Sul problema dei bassi costi a cui si offrono vari professionisti oltreoceano o dell’Est Europa, o sulla presenza di colleghi facenti parte dell’EU, e quindi non vincolati da visti lavorativi, che si propongono a coppie che si sposano in Italia, credo si possa fare ben poco. Siamo in un libero mercato, non si può imporre un tariffario minimo, l’idea di fare un ordine dei fotografi a tutela della professione è una strada non percorribile (chi decide chi far entrare e in base a quale esame di ammissione?) e comunque non risolverebbe il problema degli ‘stranieri’ che, a meno di una risoluzione Europea (pura utopia), sarebbero ancora più agevolati in quanto non obbligati a farne parte.

Un discorso che fa storia a sé e che non ho preso in considerazione perché non coinvolto in queste dinamiche, è quello dei luxury wedding, mercato che invece non presenta crisi e che non soffre delle problematiche discusse. Un mondo in cui non è così semplice entrare e che si avvale di professionisti consolidati e referenziati.

Si può fare qualcosa?

A mio avviso, fermo restando l’importanza di sensibilizzare certe istituzioni come ho scritto poco sopra, sono altre le cose che ognuno di noi potrebbe fare in sintonia con un mercato che è decisamente cambiato rispetto a qualche anno fa’.

Prima di tutto basare il proprio business esclusivamente sul ‘destination wedding‘ cercando di intercettare solo coppie straniere che vengono a sposarsi nel nostro paese, oggi è sbagliato. Si dovrebbe cercare di consolidare la propria presenza sul territorio e cercare di lavorare anche con coppie della propria regione.

Quando si riesce a parlare direttamente in studio con i futuri sposi, mostrare loro degli album, capire se c’è sintonia con la coppia e rispondere vis-a vis alle loro necessità porta, oltre a lavorare meglio il giorno dell’evento, a chiudere più contratti. Gestire un destination spesso è solo rispondere a una fredda email con una serie di pacchetti offerti. Già arrivare a fare una call con degli sposi stranieri è un traguardo raro che spesso imbarazza perché gli italiani sono noti per non essere dei fluently english speakers.
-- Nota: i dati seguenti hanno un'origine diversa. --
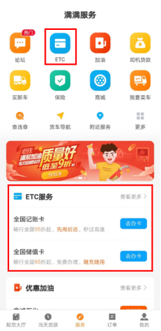 ETC記賬卡類似信用卡,先通行后付費,配合OBU使用,全國過路費享受不少于9.5折的優惠,有日結、周結、月結等不同的賬期。有了記賬卡,司機不用再擔心過路費問題,通行高速后,到賬期結算日,會主動從簽約賬戶中扣費。記賬卡日結通常不涉及服務費,但周結、月結會涉及部分服務費。沒有辦理過ETC卡的,可直接辦理記賬卡。目前,滿幫記賬卡日結無服務費;周結10元/周/車,不限使用金額,不使用則無服務費;月結收取通行費1%服務費,費率居行業低水平。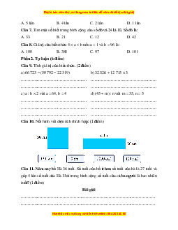Câu 11. Năm nay bố Hà 36 tuổi. Số tuổi của bố ít hơn số tuổi của bà là 27 tuổi và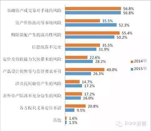 违约风险、资产价格波动风险和期限错配的流动性风险是银行资产管理业务面临的最主要风险。有56.8%的银行家认为,违约风险是银行理财业务所面临的最主要风险,该比例与去年相比基本持平。而认为资产价格波动的风险的银行家比例则显著上升,达到52.3%。在非标资产投资受到严格监管条件下,理财资金参与资本市场程度增加,对资产价格波动的敏感性显著增强。期限错配产生的流动性风险(50.2%)较去年下降5.2个百分点,银行家认为银行理财资金在期限错配问题上略有改善。同时,2015年认为产品存在销售不符合监管要求的风险(26.3%)、各方权利义务不清晰的风险(9.5%)也显著下降。前者得益于监管对银行理财销售规范的进一步加强以及银行内部对员工销售培训深入;后者随着委托贷款、信托贷款数量减少,银行理财项目投资的业务规范不断加强,各方权力义务定位不清的问题逐渐得到改善。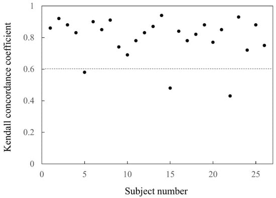 The Kendall concordance coefficient of each subject is shown in Figure 12.

Un marketing aggressivo, una buona SEO, una presenza costante sui social, un sito internet accattivante può aiutare. Così come il passaparola. Quindi penso sia importante mantenere sempre un atteggiamento professionale durante e dopo il servizio.

Fare ‘gruppo’, cosa molto difficile in un settore dove domina l’egocentrismo e l’egoismo. Collaborare scambiandosi eventuali date doppie – ovviamente d’accordo con i futuri sposi – e aiutandoci con suggerimenti e consigli.

Studiare fotografia e non solo dal punto di vista della tecnica – assolutamente importante – ma non sufficiente. Lo studio permette di migliorare il nostro ‘vedere’, di capire cosa ricercare durante lo scatto, di editare il lavoro finito in modo accattivante. La ricerca di una propria visione e di un approccio personale al matrimonio può essere determinante nel farsi scegliere dalla futura coppia. Spesso questo aspetto viene sottovalutato, ma diventa fondamentale se combinato a una buona visibilità.

E infine, sarò cinico, ma come in tutte le professioni dove è più forte l’offerta della domanda, una buona selezione naturale è doverosa e necessaria. Il mondo è vissuto per tanti secoli senza fotografia e continuerà ad andare avanti senza particolari traumi anche se il numero dei fotografi diminuirà. Sempre più sta diventando una professione superflua e quindi se al cliente non verrà offerto qualcosa di assolutamente esclusivo, particolare, molto diverso e non paragonabile a quello che parenti e amici con i loro cellulari sono in grado di dare allora è inutile meravigliarsi se i futuri sposi, nella scelta, guarderanno al prezzo o cercheranno l’amico.

In conclusione lamentarsi non porta a niente, è una triste consolazione, è la bandiera del ‘mal comune mezzo gaudio’ il cui unico risultato è quello di rimanere inerti ai cambiamenti. A chi non è in grado di adattarsi – che non vuol dire snaturare la propria fotografia – consiglio di studiare quanto prima un piano B, una exit strategy perché quel mondo a cui apparteneva un tempo, non esiste più.

… e comunque la colpa è sempre dell’abusivo.